Генерал перекладывал из стопки в стопку служебные записки, рекомендации, анкеты, наградные документы личного дела Крячко, сортируя их по какому-то своему принципу. Рядом с ним на столе лежал пустой раскрытый старенький скоросшиватель. В руках Орлов держал шариковую ручку. Он что-то старательно помечал на полях пожелтевших от времени документов.
– По бабам меньше бы бегал, нечего и нюхать бы было, – полетел в Гурова встречный камень раздражительности. Генерал укоризненно взглянул на сыщика поверх очков в серебряной оправе и, слегка прищурившись, пригласил его в кабинет, указав кончиком шариковой ручки место поближе. – Садись и рассказывай, как там все было. И в темпе давай. Времени в обрез. – Орлов был возмущен, но умело сдерживал собственные эмоции. – Начальство за задницу дергает. Что там у вас с Крячко, орет, случилось? Он что, мол, совсем обалдел?
Генерал придирчивым взглядом проследил за Гуровым, оценил, что тот не прячется на задки, а садится прямо, на переднем рубеже, напротив своего руководителя, значит, психологически дает понять, что вышло явное недоразумение, и самая важная задача сейчас – выручать Станислава.
– Петя, ты не прав, – спокойно заявил Гуров. – Стас ни в чем не виноват. Так вышло. Кто-то подставил его. И очень ловко. Если ты можешь и работать, и слушать, я тебе много интересного наговорю. Занят? – немного напряженно спросил он, внимательно заглянув Петру Николаевичу в глаза и пытаясь понять, что он на самом деле про все это думает.

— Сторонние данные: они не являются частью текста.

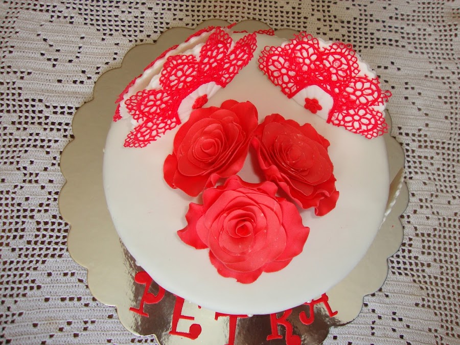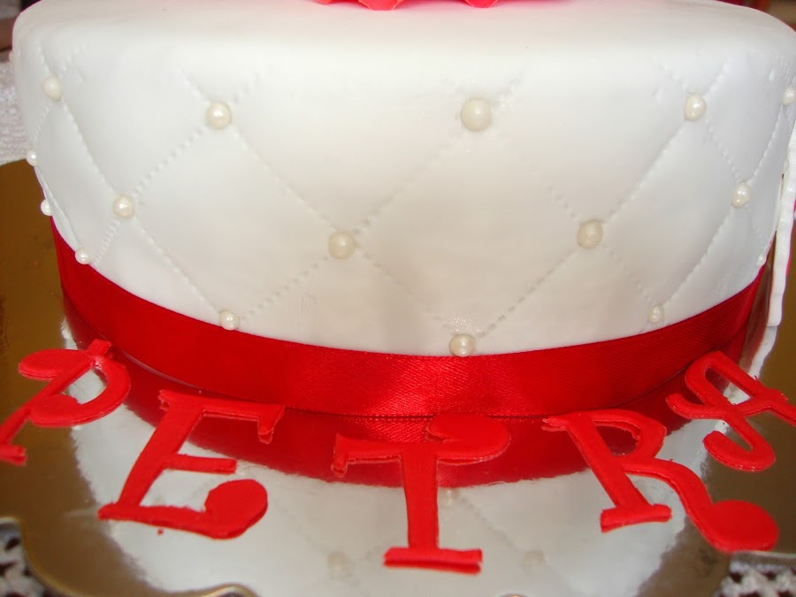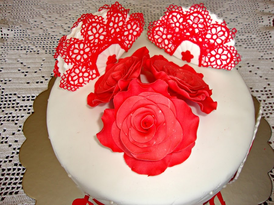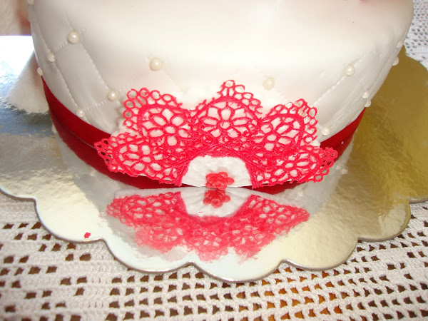 La decoración está realizada con fondant, pasta de flores, perlas de azúcar.
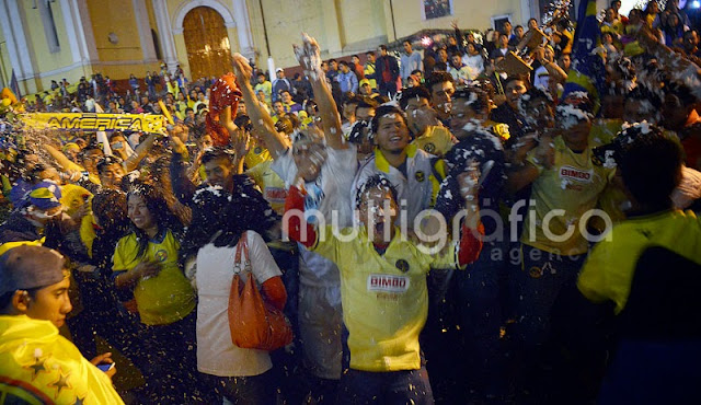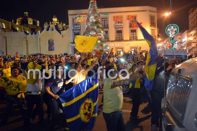 Aficionados americanistas celebraron en la calle Enriquez el triunfo de su equipo en la final del fútbol, quien ganara 3-1 a los Tigres de Nuevo León.
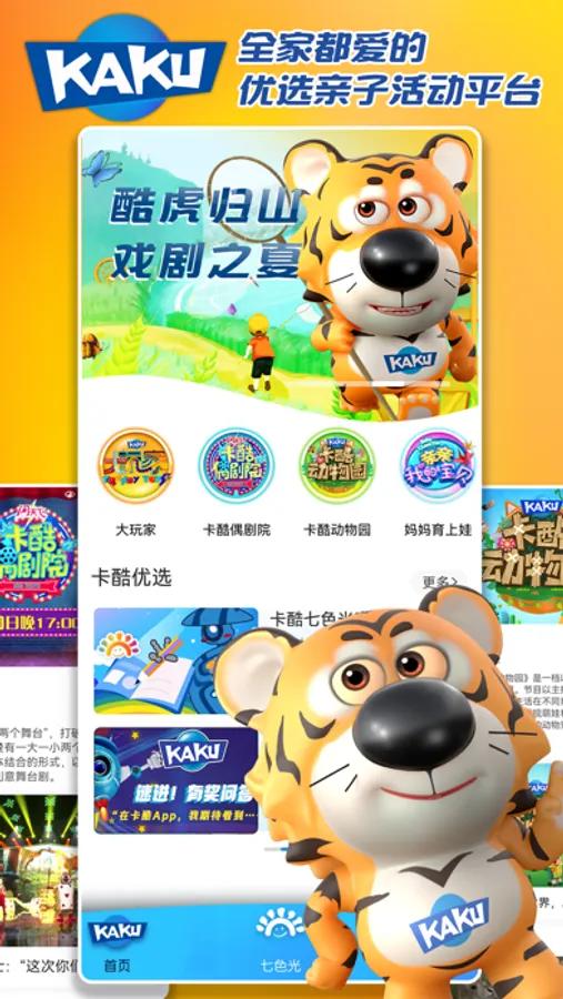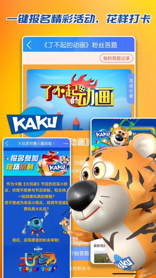 卡酷APP由北京广播电视台卡酷少儿×卫视重磅推出,是一款针对4-14岁儿童家长需求开发的成长陪伴类产品。卡酷APP基于官方优质资源,聚集节目互动、优质活动、素质教育、商城售卖与智能伙伴“酷虎”等功能,是家庭活动的优选专家与孩子的成长伙伴。【活动-直通卡酷】快来和卡酷一起玩儿!节目录制小嘉宾招募、动画大电影专场观影团、舞蹈展演……所有线上线下活动资讯,一键报名,满足你登上卡酷卫视的梦想!【育儿-文娱优选】衣、食、住、行、娱,卡酷携手全国亲子少儿产业资源,成为您家庭文娱生活的优选专家!科学知识、文学素养、安全演习等丰富的志愿、研学活动助力成长;卡酷主持人带队打卡博物馆、动物园等文旅胜地“破次元”趣味学习;教育专家“空降”互动,育儿焦虑个击破;还有萌娃秀、奖状墙,记录宝贝一点一滴的成就与进步……【七色光-素质教育】北京广播电视台唯一青少培训品牌卡酷七色光艺术1994年成立,提供合唱、舞蹈、播音主持、有声语言、管弦乐等才艺培训与展示舞台。“双减”政策下,金牌素质教育资源全面上线分享,快来预约明星导师的免费线下测评吧,更有机会和卡酷及BRTV其他主持人面对面学习交流哦!
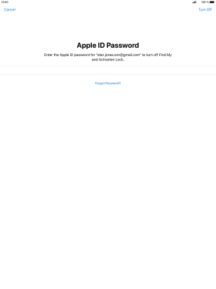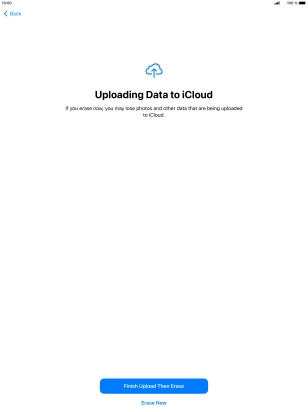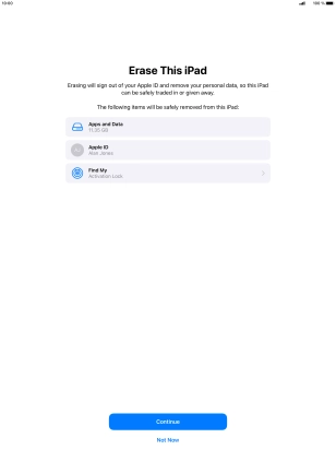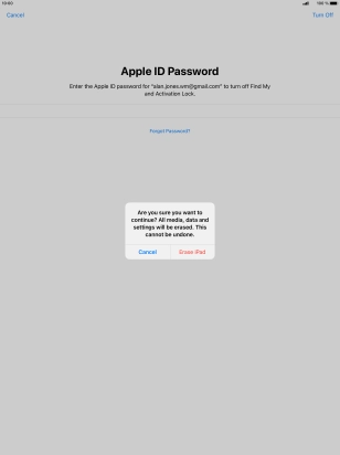Key in the password for your Apple ID and press Erase iPad. Wait a moment while the factory default settings are restored. Follow the instructions on the screen to set up your tablet and prepare it for use.
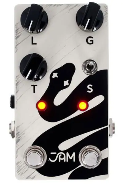 JAM PEDALS Rattler Distorsion MK2 will get you all the amazing tones of great early 80s ProCo RAT® distortion boxes and put in the time and R&D to make it more responsive to picking and fretting nuances resulting in an open, dynamic, overdriven tube-amp feel ! Its asymmetrical clipping circuit, carbon comp resistors stay the same but with the LM308 chips being long discontinued and hard to find, JAM developed a custom op-amp to ensure a dependable supply. Proprietary design, featuring discrete components, preserves the open, dynamic, and tube-amp feel that made the original Rattler so revered. These componets are the main ingredients of a great recipe resulting in the Rattler shining through any rig, whether modern or vintage. Enjoy fat and creamy distortion courtesy of the devious snake ! Used by Nels Cline, Bill Frisell, Kurt Rosenwinkel, Robert Randolph, Julien Kasper.WHAT’S NEW:1. MID BOOST:Use the second footswitch to engage a mid boost before the Rattler, adding new dimensions to your tone. Don’t think of this as a volume boost but as a tone enhancer! With internal controls for the boost’s level and bass content, we made sure it will deliver through any setup.2. CLIPPING OPTIONS:Use the onboard 2-way toggle-switch to choose between the new symmetrical and original asymmetrical clipping options for distinct feel and saturation profiles.3. Featuring click-less footswitching for smoother operation.4. You can also select the startup state of the RATTLER upon receiving power to be On or Off.
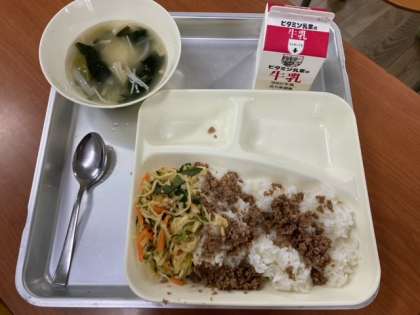 『ビビンバ』は、韓国・朝鮮料理で、「ピビム」と「パプ」という言葉から名前がつきました。「ピビム」は「まぜる」、「パプ」は「「ごはん」という意味です。ナムルや肉などの具をごはんの上にのせ、よくまぜて食べます。給食では、牛と豚のひき肉、切り干しだいこん、にんじん、きゅうりなどが入っています。
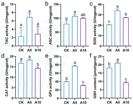 The changes in the biochemical indexes related to oxidative stress in the liver of T. ovatus after ammonia stress. (a) total antioxidant capacity (TAC) activity; (b) anti-superoxide anion generation capacity (ASC) activity; (c) total superoxide dismutase (SOD) activity; (d) catalase (CAT) activity; (e) glutathione peroxidase (GPx) activity; (f) glutathione (GSH) content. The lowercase letters on the bar indicate significant differences (p < 0.05). CK, control group; A5, 5 mg/L ammonia-N stress group; A10, 10 mg/L ammonia-N stress group.
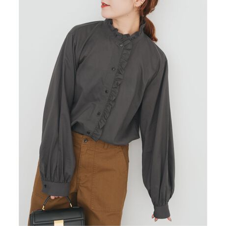 衿元から前立てに流れるフリルがさりげなく華やかさを添え、顔まわりを明るく演出します。たっぷりとギャザーを寄せたスリーブは、ふんわりとしたボリューム感がありながらも、落ち着いた印象に仕上げました。
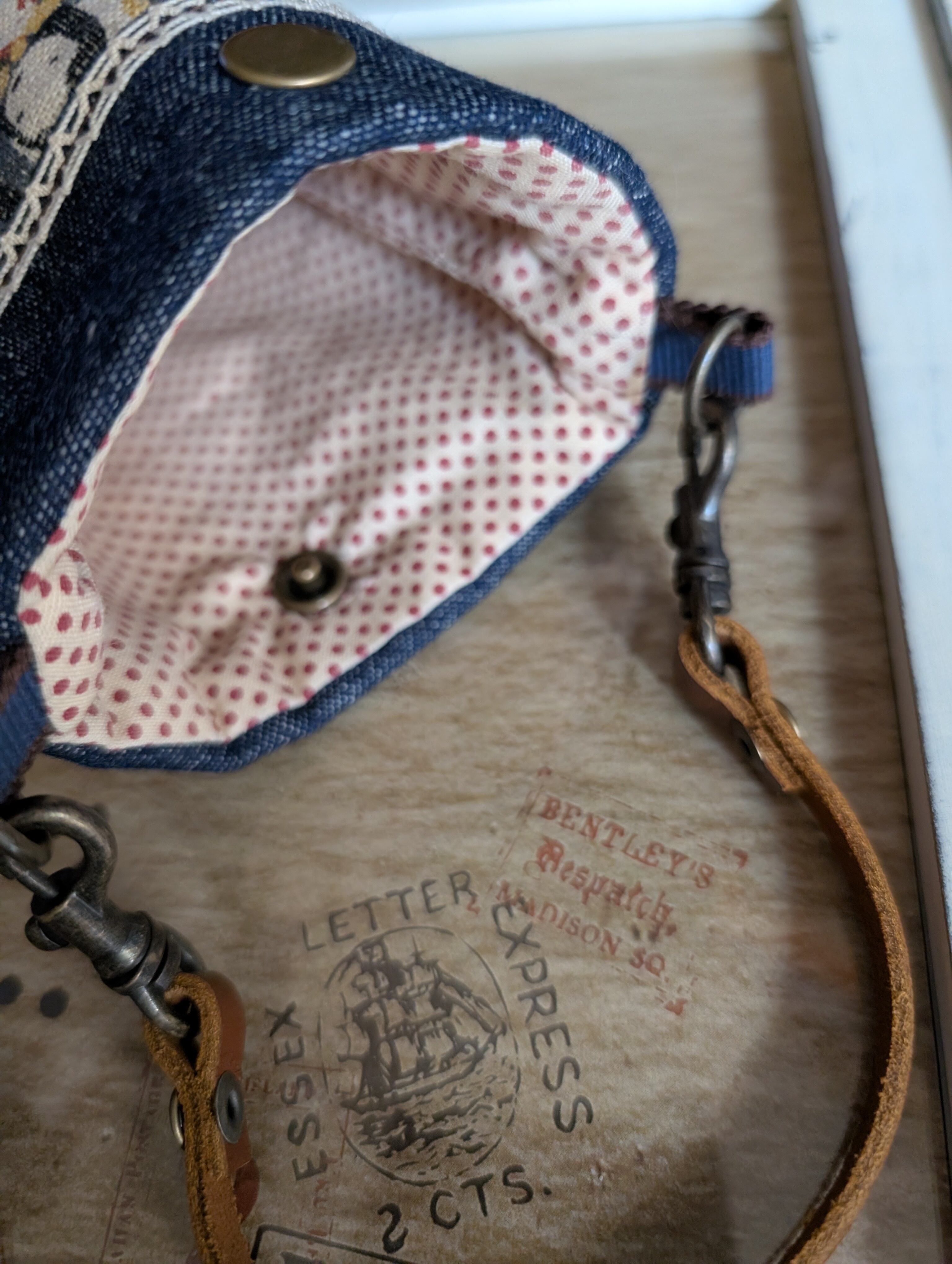 - 内側はクリーム色のドット柄
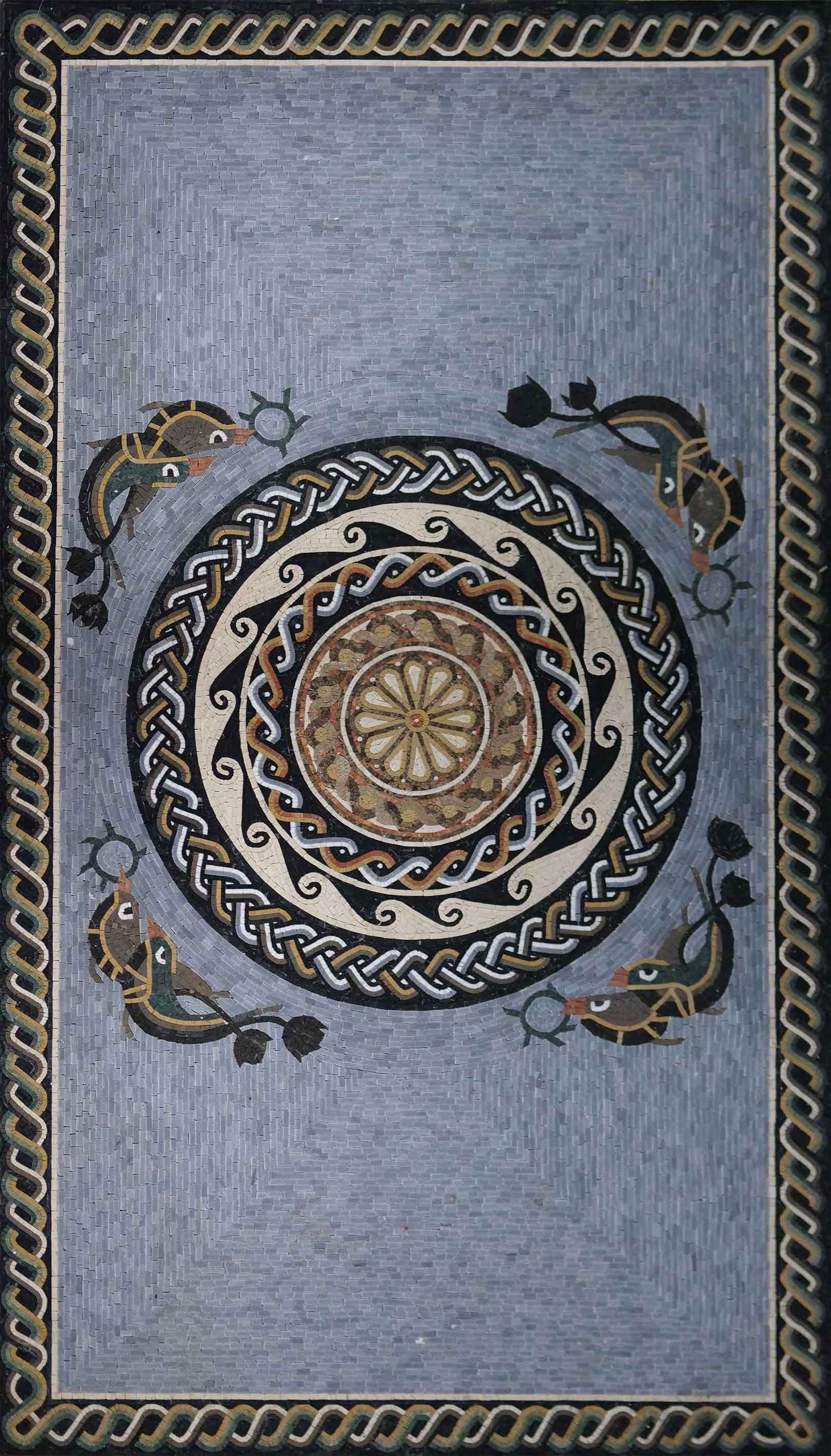 Transform your space with our stunning "Medieval Fish - Mosaic Wall Art," a captivating piece that seamlessly blends artistry and nature. This unique mosaic features a beautifully crafted medallion at its center, surrounded by an intricate design of gracefully swimming fish. The geometric composition creates a sense of movement and harmony, making it a striking focal point in any room.

Орлов снова переключил свое внимание на бумаги. Он аккуратно сложил их в стопку, подровнял, грохнув ее торцом по крышке стола, отложил всю эту пирамиду подальше от себя и настроился на неприятный, но неизбежный разговор.
– Совещание в двенадцать, – невесело сказал он и тут же пояснил: – К министру на ковер. Пороть будут за нашего героя. Они же верят всему, что несут эти рубоповцы, – Орлов нажал кнопку на селекторе внутренней связи. – Вера, я занят. Ко мне никого не пускать... Давай, расскажи мне хоть что-нибудь, чтобы я там не сидел, как истукан, когда на меня попрут.
– Значит, так. Изложу все, что знаю, – Гуров придвинул к себе пепельницу, поставил ее перед собой. Затем медленно достал из кармана пачку сигарет, положил рядом с пепельницей, все это время напряженно думая, как и с чего начать. – Сразу скажу: дело – дрянь. Но мы можем вытащить Стаса. Я больше чем уверен в этом.
Орлов очень осторожно отер платком лоб и шею, затем краешек рта. Платок он не убирал, а только спрятал в глубине кулака.